## COLLECTED MATERIAL
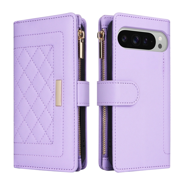 Funda de Cuero con Diseño de Rombos y Billetera Cruzada con Cremallera para Google Pixel 9 Pro XL (Morado)
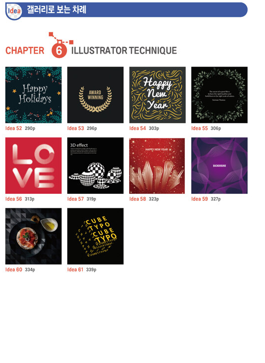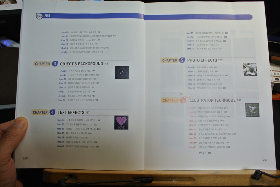 1-5장까지는 포토샵 테크닉이고요. 6장이 일러스트레이터 입니다.
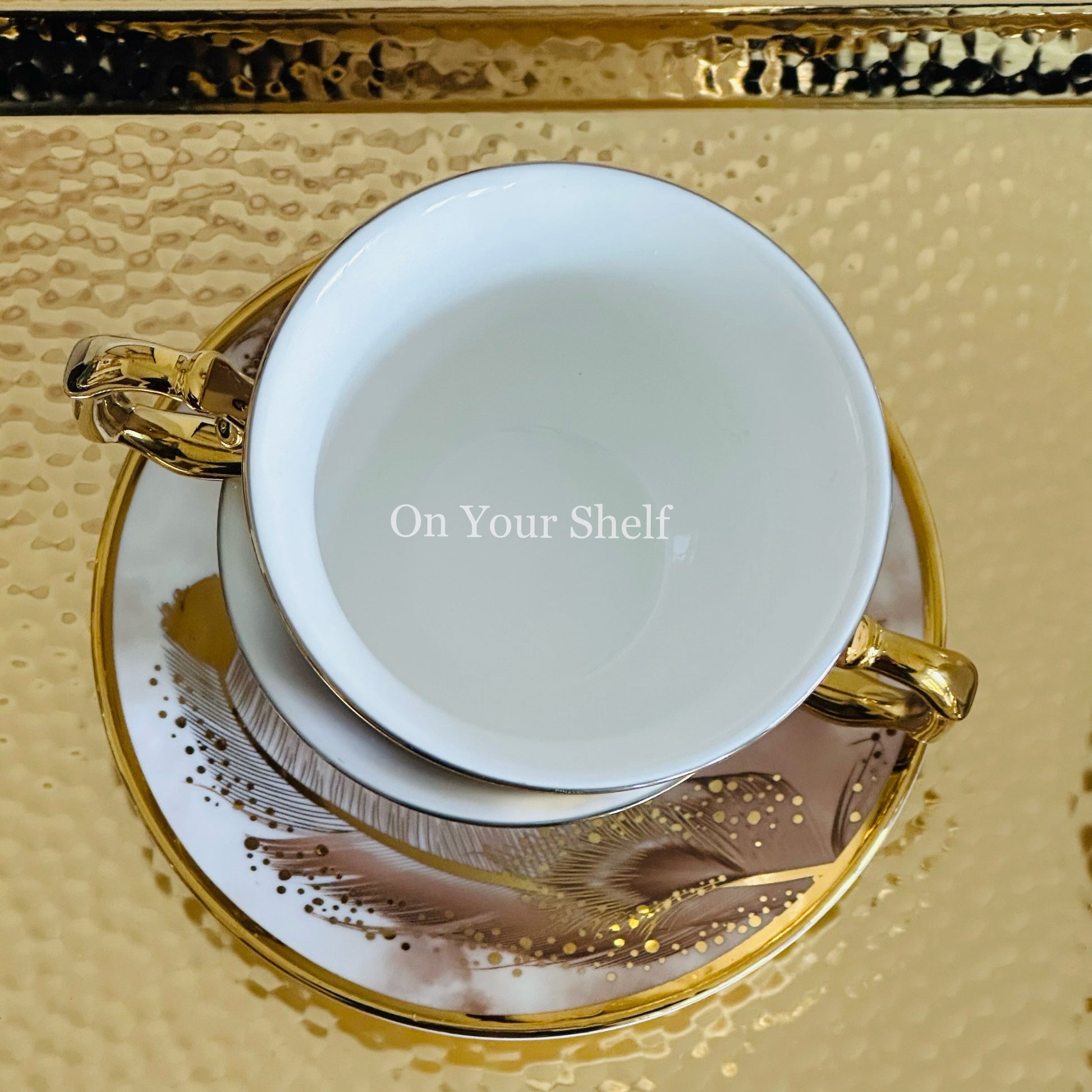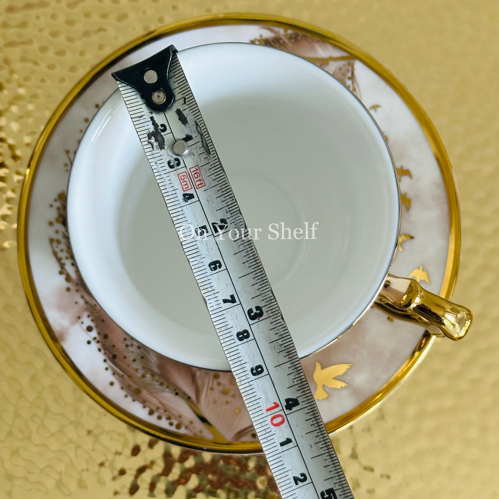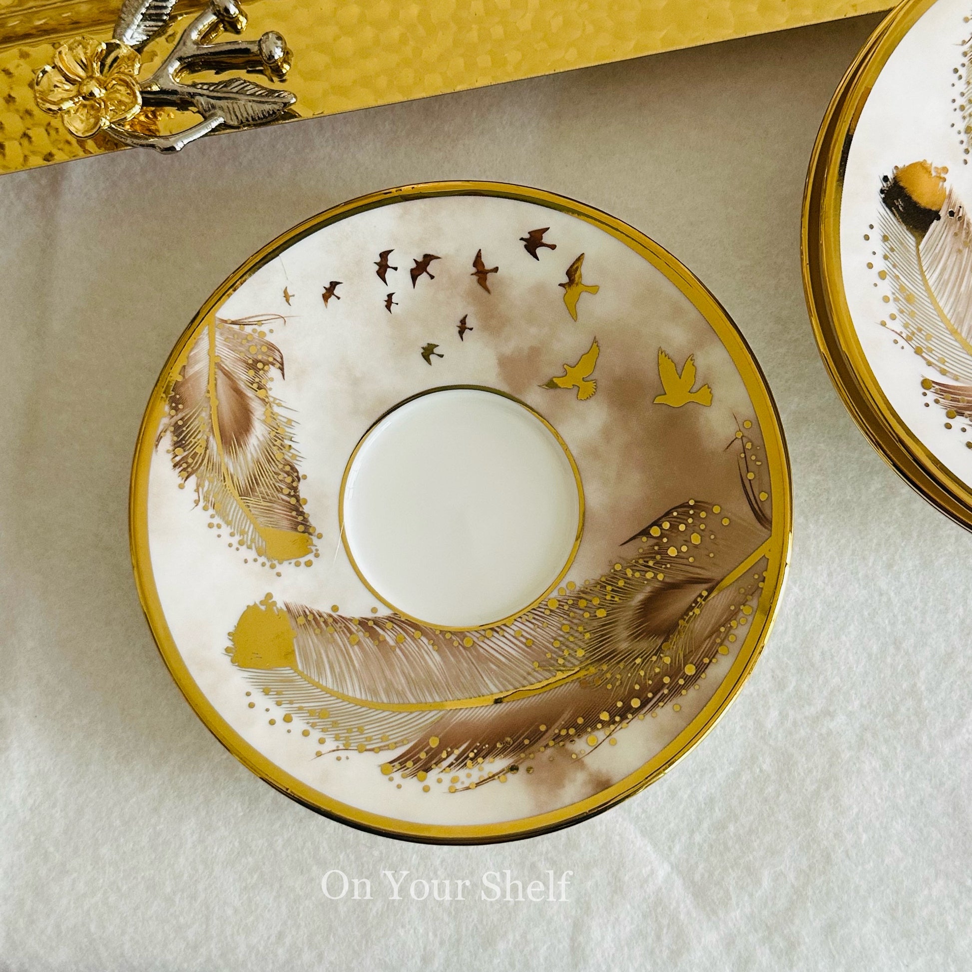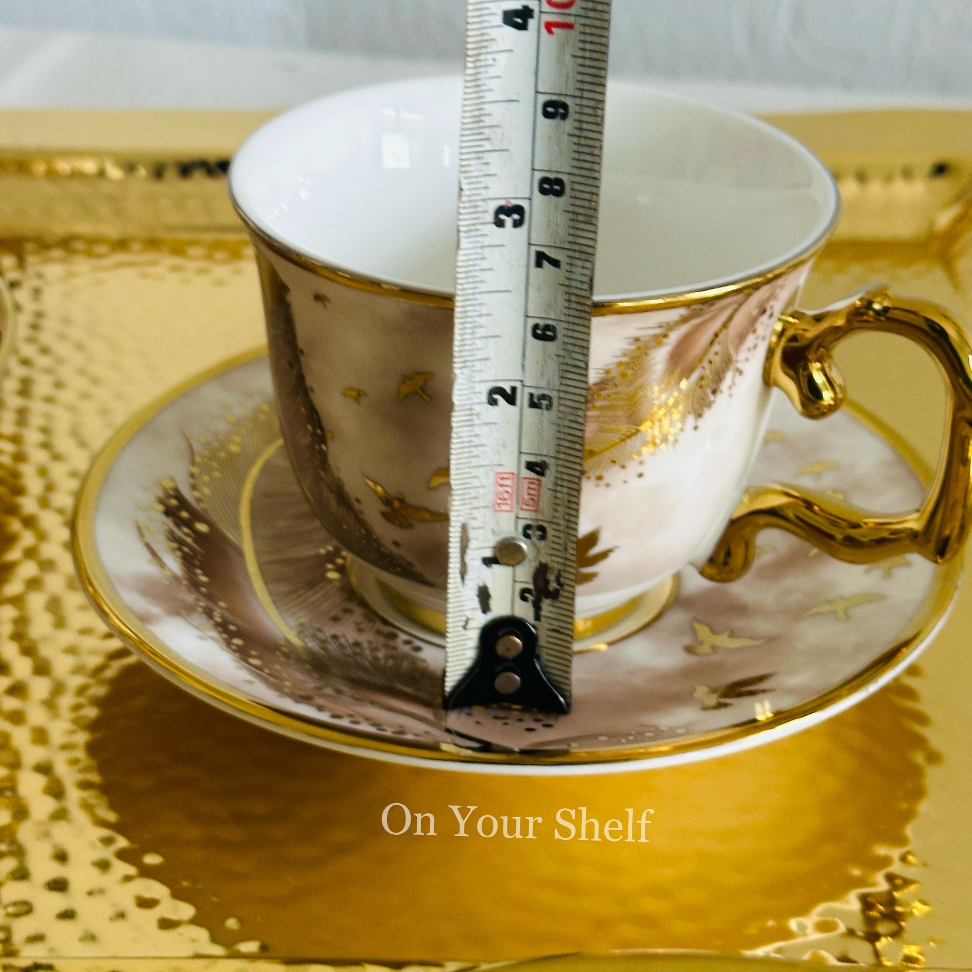 Made with high-quality porcelain, each cup features a stunning gold and white design of a soaring bird.

## EXERCISE DESCRIPTION
Your reply should consist of the data, transcribed exactly, and should hold no pictures.

## ANSWER TO THIS TASK
 Funda de Cuero con Diseño de Rombos y Billetera Cruzada con Cremallera para Google Pixel 9 Pro XL (Morado)
 1-5장까지는 포토샵 테크닉이고요. 6장이 일러스트레이터 입니다.
 Made with high-quality porcelain, each cup features a stunning gold and white design of a soaring bird.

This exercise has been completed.